Two-phase heat transfer and high-speed visualization of refrigerant flows in 100 × 100 μm2 silicon multi-microchannels

Two-phase flow boiling of R245fa, R236fa, and R1234ze(E) in 100 × 100 μm2 parallel microchannels for cooling of future 3D-ICs has been investigated. Significant flow instabilities, back flow, and non-uniform flow distribution among the channels were observed in the micro-evaporator without any inlet restrictions (micro-orifices). Therefore, to prevent such problems, rectangular restrictions were placed at the inlet of each channel and the two-phase flow flashed by the micro-orifices was identified as the most optimal operating condition. In the present study, a novel in-situ pixel-by-pixel technique was developed to calibrate the raw infra-red images, thus converting them into two-dimensional temperature fields of 10’000 pixels over the test section surface operating at 60 Hz.
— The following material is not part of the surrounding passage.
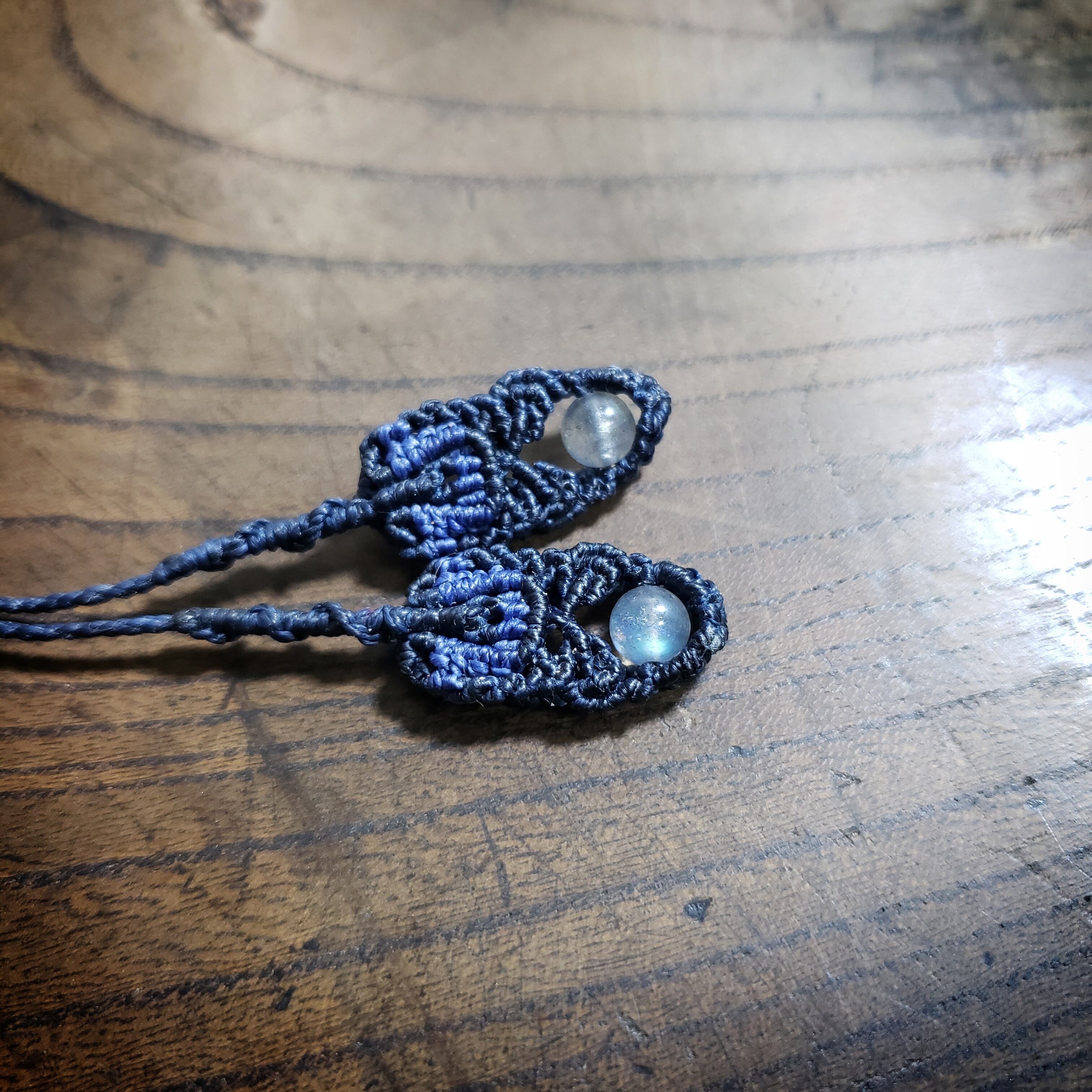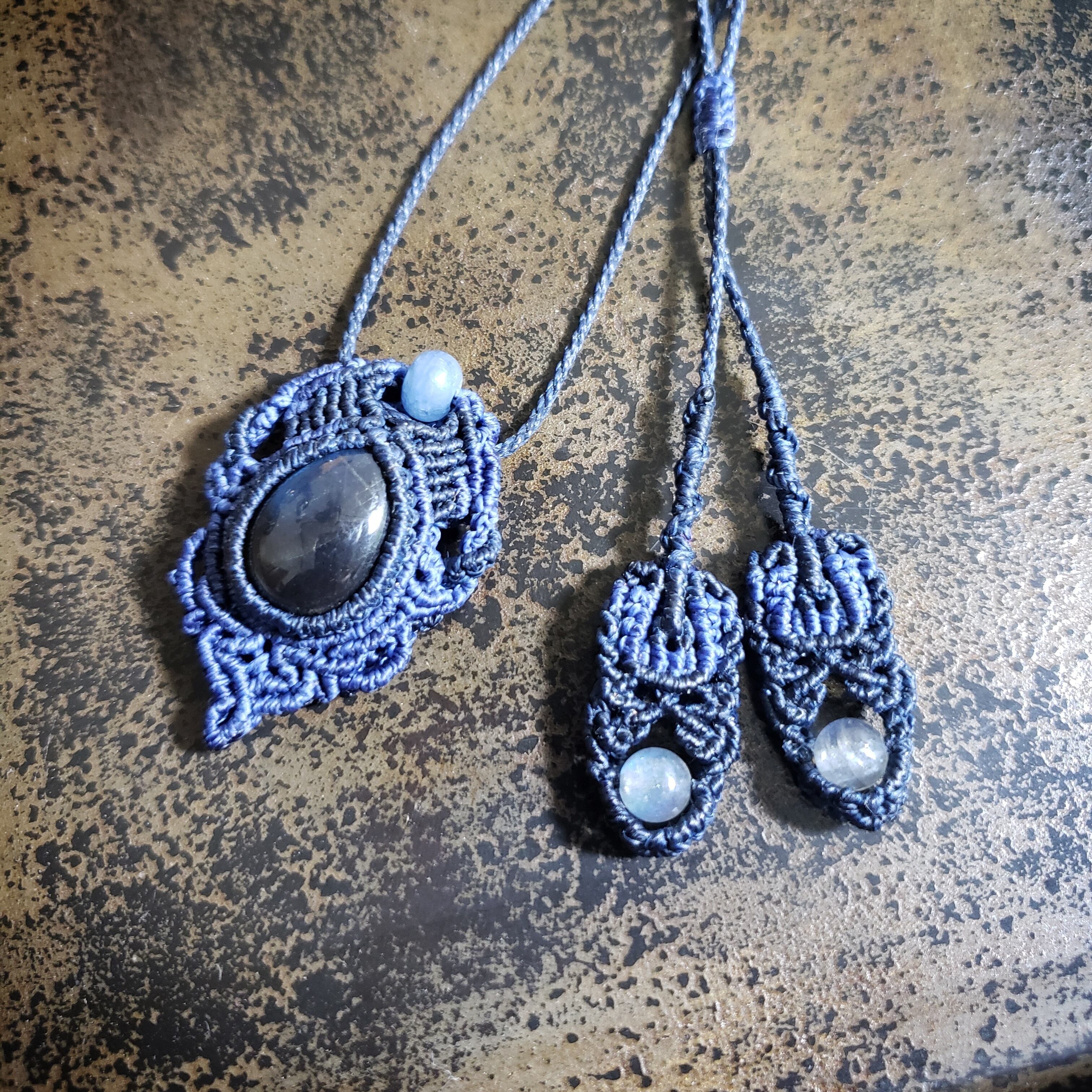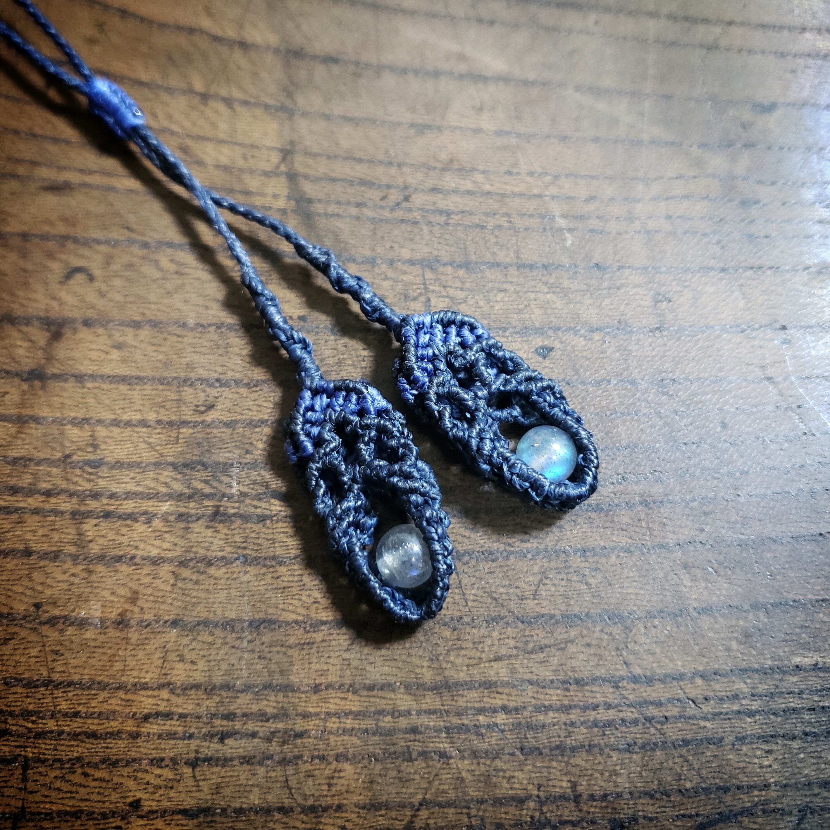 こちらは、ラブラドライトのマクラメ編みネックレスです。

Tests showed that the base heat flux of 48.6 W cm−2 could be dissipated whilst keeping the micro-evaporator’s temperature below 85 °C.
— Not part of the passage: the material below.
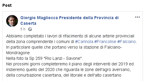 Lo apprendiamo dalla pagina Facebook di Giorgio Magliocca, Presidente della Provincia di Caserta:

► Inlet micro-orifices prevented flow instability, back flow, and flow maldistribution.
► Eight different operating regimes were distinguished.
► The flashing two-phase flow without back flow operating regime is preferred.
► New in-situ pixel by pixel calibration technique of an IR camera was developed.
► The given temperature limit of 85 °C for CPUs is respected.